Dans l’espoir de contribuer à la lutte contre le cancer, des chercheurs suédois ont publié une nouvelle cartographie moléculaire des protéines qui régulent le processus de division cellulaire – identifiant 300 de ces protéines.
La publication des données, qui a été publiée aujourd’hui dans la revue scientifique Nature, est importante car elle permet de rapprocher la recherche médicale du point de pouvoir cibler des protéines spécifiques pour traiter le cancer.
Identifier et comprendre ce qui caractérise ces protéines est important, déclare la co-auteur Emma Lundberg, professeur au KTH Royal Institute of Technology dont le groupe de recherche du Science for Life Laboratory (SciLifeLab) à Stockholm a contribué à la cartographie de ces protéines.
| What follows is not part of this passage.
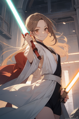 1〜6枚目:理沙 特に実在の誰とは重ねてない。当初、アホみたいな格好ばっかで、投稿に加えようとしたけどR-15・18になるのでやめといた w それなりにデキた代償として、隊服での生成が少ない。 理沙「沖田(りっか)クン、行こうか」(4) ワケわからんシチュ(5) 7〜15枚目:美波 徳川家康も贈られたくらいなんだから、幕末にはメガネもポピュラーなんだろう、きっと。理沙と同じく特に誰とのイメージはしてない。 この世界線(時代)でも美波ちゃんは短い刃物(ナイフ)がお好きらしい。 胸元が際どいのあるけど、もっとやべーのも生成された。 脇差を背にまわして相手を惑わせる(13) 16〜18枚目:先輩 髪を結ぶ位置、結んでるのがリポンっぽい、内国安全保障局でありありな女の子っぽいモードだと、沖田りっかと区別つかなくなる。 今回、新撰組に新参加をして思ったのだが、先輩は斎藤一より土方サンのほうがよかったのかなぁ……

L’espoir à long terme est que cela conduira à des progrès dans le développement de médicaments et de traitements anticancéreux sur mesure, adaptés à la condition anatomique spécifique du patient individuel par rapport à la maladie sous-jacente, dit Lundberg.
En plus des 300 protéines nouvellement identifiées, les chercheurs rapportent que 20% du protéome humain (toutes les molécules de protéines pour lesquelles le génome code) indique une variation de cellule à cellule, c’est-à-dire une fluctuation de l’expression génique dans des cellules par ailleurs identiques.
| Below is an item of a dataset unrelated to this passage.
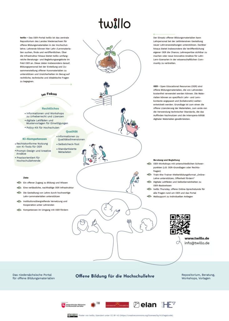 twillo.de ist das zentrale Portal für Open Educational Resources (OER) in Niedersachsen. Es bietet eine Plattform für kostenfreie und offen lizenzierte Bildungsmaterialien, die ausdrücklich zur Nachnutzung, Bearbeitung und Weitergabe zur Verfügung stehen.

Ces informations présentent la recherche médicale avec de nouvelles perspectives sur le cycle cellulaire, dans lequel un équilibre est modéré entre les protéines qui favorisent la prolifération cellulaire et celles qui l’inhibent.
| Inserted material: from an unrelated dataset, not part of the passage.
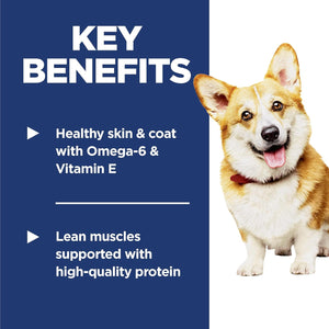 Details Product DescriptionIf your little dog has a taste for variety, treat him or her to the savory lamb flavor of Hill's Science Diet Small Bites Adult dry dog food. Packed with omega-6s & vitamin E to give your small canine healthy skin and a shiny fur coat, this premium dry food for adult miniature dogs also provides quality protein to help maintain muscle. The small kibble is perfect for small and toy breeds, and since adult dogs need a strong gut, natural fibers help promote healthy digestive. This adult dog food made with natural ingredients is specially formulated with decades of cutting-edge research to be a great-tasting meal your grown dog can truly enjoy. Theres more to love with the new look of Science Diet. Some of our products also have new names, new kibble shapes & new formulas.From the ManufacturerHills Pet Nutritions Mission To help enrich and lengthen the special relationships between people and their pets.More than 220 veterinarians, food scientists, technicians and Ph.D. nutritionists at Hill's develop all of Hill's pet foods to meet the needs of your pets. Hills only accepts ingredients from suppliers whose facilities meet stringent quality standards and who are approved by Hill's. Not only is each ingredient examined to ensure its safety, we also analyze each product's ingredient profile for essential nutrients to ensure your pet gets the stringent, precise formulation they need.Hills uses only high-quality ingredients including real chicken, lamb or salmon protein. Hills dry pet foods have quality protein as the first ingredient and provide clinically proven antioxidant benefits. Plus, theyre made with natural ingredients (plus vitamins, minerals & amino acids) and never contain artificial colors, flavors, preservatives or chicken by-product meal.Hills Food, Shelter & Love program donates food to shelters across the country, providing the proper nutrition that helps pets find their way to loving homes. With every purchase of Science Diet you help feed over 100,000 homeless pets every day, 365 days a year.

Lundberg dit que le travail est maintenant intégré dans la base de données de recherche en libre accès, le Human Protein Atlas.
« Nous espérons que cela fournira une ressource précieuse pour une meilleure compréhension, entre autres: de la variation de cellule à cellule, du cycle cellulaire humain et des protéines nouvellement identifiées dans le cycle cellulaire et de leur rôle dans la formation des tumeurs. , » elle dit.
Afin d’identifier les protéines spécifiques au cycle cellulaire, les chercheurs ont utilisé la microscopie dite immunofluorescente. Les chercheurs ont ensuite combiné les données collectées avec le séquençage de l’ARN de cellules individuelles pour décrire la présence temporelle d’ARN et de protéines tout au long du cycle cellulaire.
Les travaux de recherche ont été menés par 19 chercheurs du KTH, dont Diana Mahdessian et Anthony Cesnik, via SciLifeLab. Le Biohub Chan Zuckerberg, l’Université d’Uppsala et la Stanford School of Medicine ont également contribué. Le soutien à la recherche a été fourni par le Conseil suédois de la recherche et la Fondation Knut et Alice Wallenberg.
La source:
KTH L’Institut royal de technologie
Référence du journal:
Mahdessian, D., et coll. (2021) Dissection spatio-temporelle du cycle cellulaire avec protéogénomique unicellulaire. La nature. doi.org/10.1038/s41586-021-03232-9.